WORK INSTRUCTIONS — Set down all of the records below exactly, please, omitting the images.

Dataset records
********

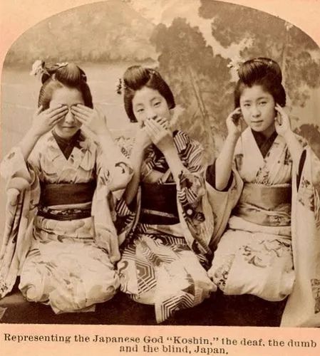 一个双手捂眼做惨不忍睹状、一个双手捂嘴做噤若寒蝉状、一个双手捂耳做置若罔闻状,这和上述艺伎的拍照姿势如出一辙。
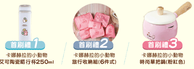 活動期間內,新戶申辦合作金庫卡娜赫拉的小動物icash聯名卡,核卡後45天內一般消費刷任2筆滿888元以上且成功自動加值1次享以下好禮三選一:
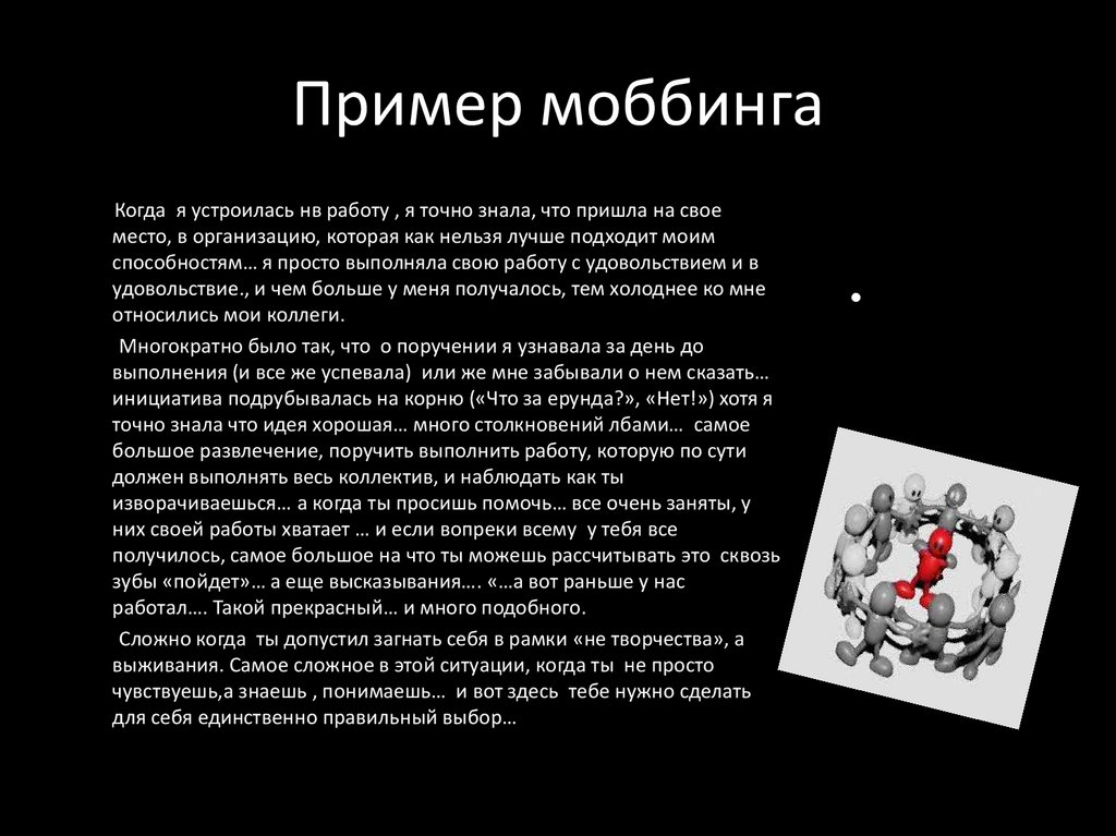 Пример моббингаКогда я устроилась нв работу , я точно знала, что пришла на свое
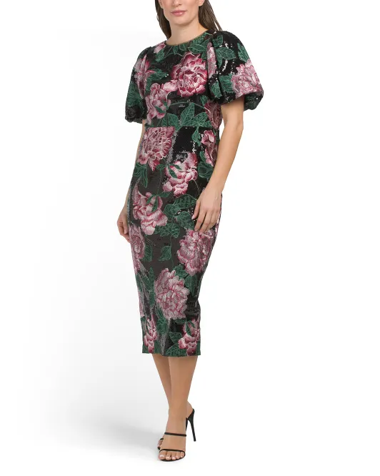 Платье миди с объемными рукавами и пайетками Marchesa Notte, черный
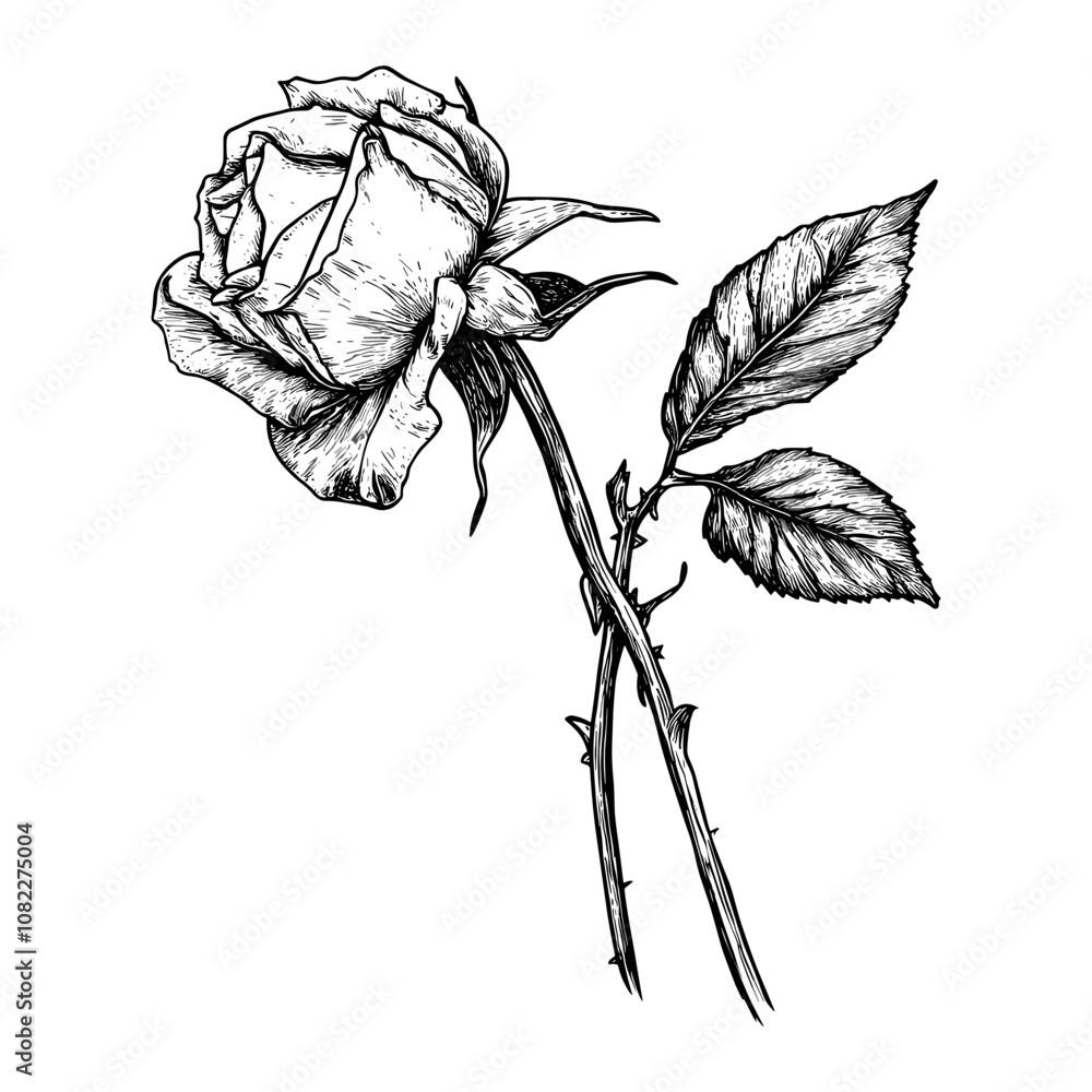 Wilted Rose Sketch Engraving Vector Illustration T-shirt Apparel Wallpaper Mural - Decorly Solutions | Decorly Solutions

********

ANSWER SECTION —
 一个双手捂眼做惨不忍睹状、一个双手捂嘴做噤若寒蝉状、一个双手捂耳做置若罔闻状,这和上述艺伎的拍照姿势如出一辙。
 活動期間內,新戶申辦合作金庫卡娜赫拉的小動物icash聯名卡,核卡後45天內一般消費刷任2筆滿888元以上且成功自動加值1次享以下好禮三選一:
 Пример моббингаКогда я устроилась нв работу , я точно знала, что пришла на свое
 Платье миди с объемными рукавами и пайетками Marchesa Notte, черный
 Wilted Rose Sketch Engraving Vector Illustration T-shirt Apparel Wallpaper Mural - Decorly Solutions | Decorly Solutions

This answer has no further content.